A verscheen in persoon en werd bijgestaan door zijn gemachtigde.
De werkgever werd vertegenwoordigd door E, rector van F, G, HRM consultant C en H,
personeelsadviseur F.
2.
DE FEITEN
106059/uitspraak d.d. 28 april 2014
Pagina 1 van 4
Commissie van Beroep
VO
A, geboren 17 oktober 1975, is sinds 29 oktober 2007 als docent Economie en Aardrijkskunde
werkzaam bij C in een vast dienstverband met een betrekkingsomvang van 0,5200 fte. Op de
arbeidsverhouding is van toepassing de cao vo.

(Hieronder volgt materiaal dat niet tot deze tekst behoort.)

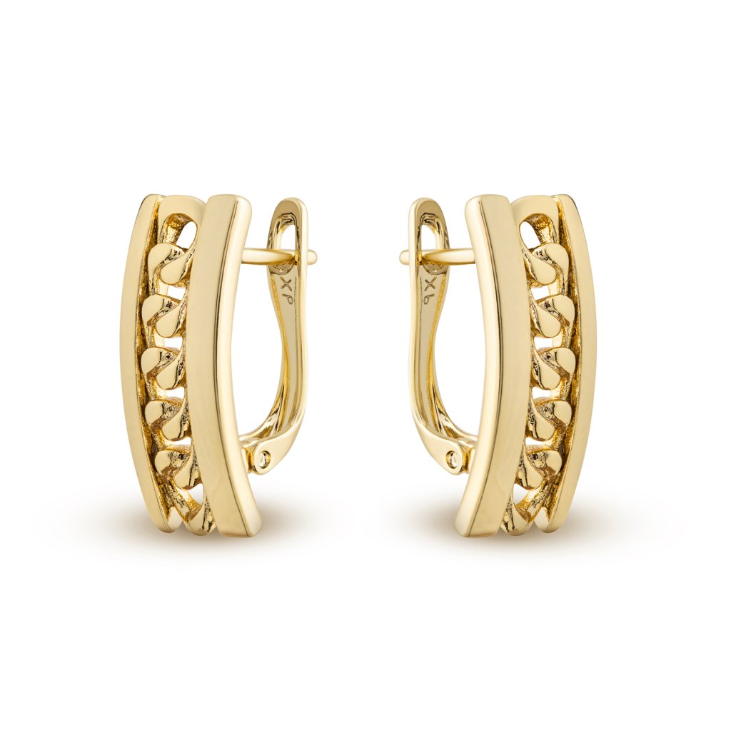 Pozlátené náušnice 14k, lesklý ovál s ozdobnou retiazkou 1002903

Op 12 oktober 2011 is A arbeidsongeschikt geworden. Hij is uitgevallen vanwege whiplashklachten als
gevolg van een verkeersongeluk. A is na de zomervakantie 2012 gestart met re-integratie in zijn eigen
functie. Aanvankelijk stond A voor de klas maar toen dit te belastend bleek te zijn, heeft hij leerlingen
in één-op-één-situaties begeleid. Na een half jaar zijn de re-integratiewerkzaamheden beëindigd
vanwege toename van de klachten van A. Op 7 januari 2013 heeft de arbeidsdeskundige van de arbodienst een arbeidskundige rapportage opgesteld. Hierin heeft de arbeidsdeskundige geconcludeerd
dat A niet geschikt is voor de uitvoering van zijn eigen werk, ook niet met behulp van aanpassingen.

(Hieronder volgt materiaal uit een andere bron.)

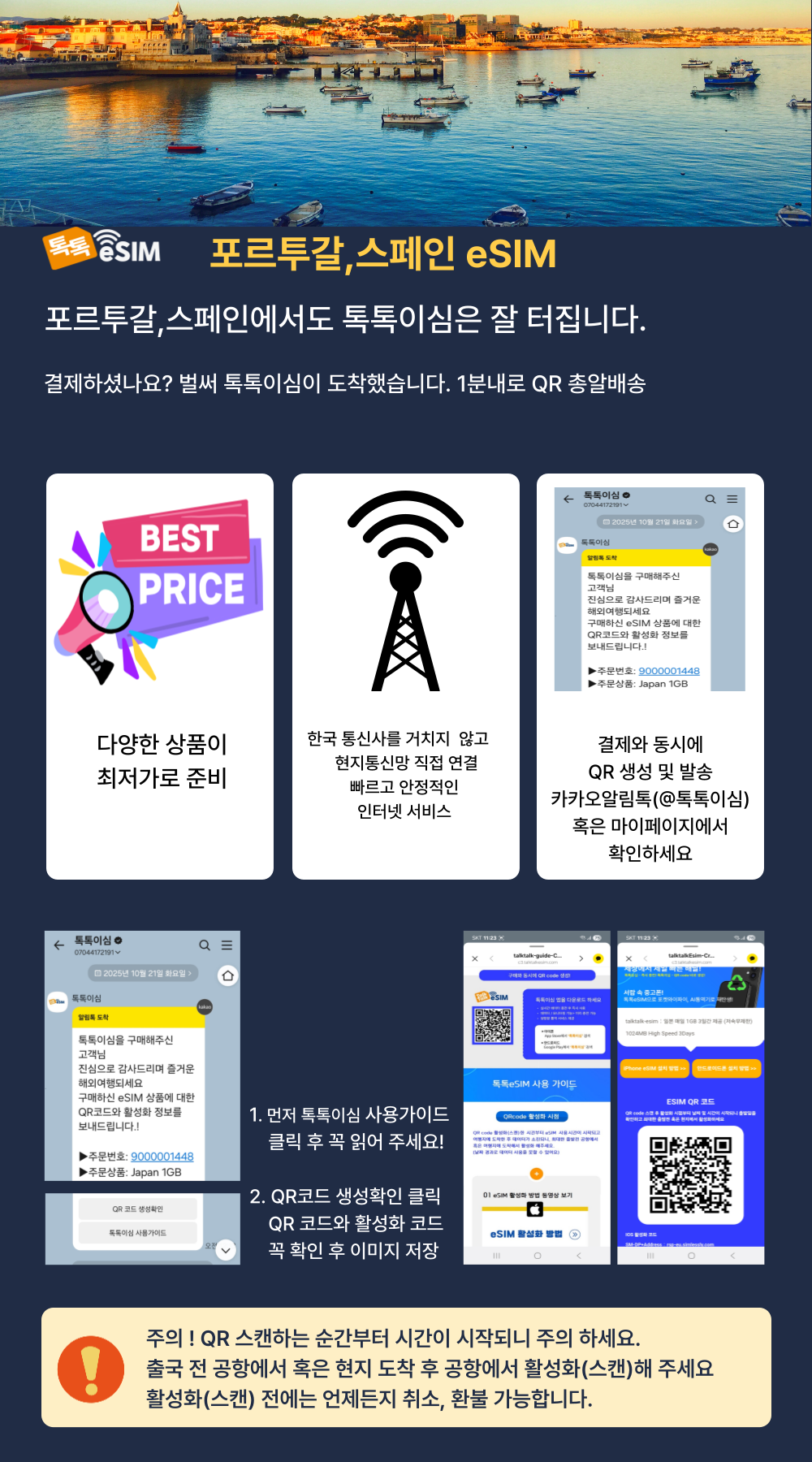 구매한 eSIM을 QR코드 스캔(활성화)하면 취소/환불이 불가합니다. QR코드 스캔(활성화)한 시점부터 시간이 시작되니 공항에서 출발전 스캔(활성화 )하길 권장합니다. 톡톡이심 앱을 이용하면 실시간 데이터 사용량을 확인할 수 있습니다. 데이터 부족시 앱에서 바로 구매할 수 있습니다. 톡톡이심 앱에서 실시간 쌍방향 통역서비스를 무료로 이용할 수 있습니다.

Voorts wordt A niet in staat geacht om ander loonwaardig werk uit te voeren bij werkgever. Het
inzetten van het tweede spoor was volgens de arbeidsdeskundige op dat moment niet aan de orde
wegens de beperkingen van A. Het UWV heeft op 19 april 2013 in een door de werkgever
aangevraagd deskundigenoordeel geoordeeld dat de door de werkgever tot dan toe verrichte reintegratie inspanningen voldoende zijn. Het tweede spoor is gestart op 27 juni 2013. Op 22 augustus
2013 heeft het verzekeringsgeneeskundig onderzoek in het kader van de WIA plaatsgevonden. In het
rapport dat hiervan is opgesteld heeft de verzekeringsarts geconcludeerd dat er een belastbaarheid
bestaat van vier uur per dag voor werk waarbij geen sprake is van veel prikkels en dat in een redelijke
rustige omgeving zonder veel lawaai en hectiek plaatsvindt. Voorts wordt de verwachting uitgesproken
dat de arbeidsbeperkingen in de loop van de tijd nog zullen verminderen als gevolg van de therapie.
Bij brief van 24 september 2013 aan de werkgever heeft de bedrijfsarts verklaard dat A niet binnen
een half jaar na de start van zijn WGA-uitkering in staat zal zijn om zijn functie als docent uit te voeren.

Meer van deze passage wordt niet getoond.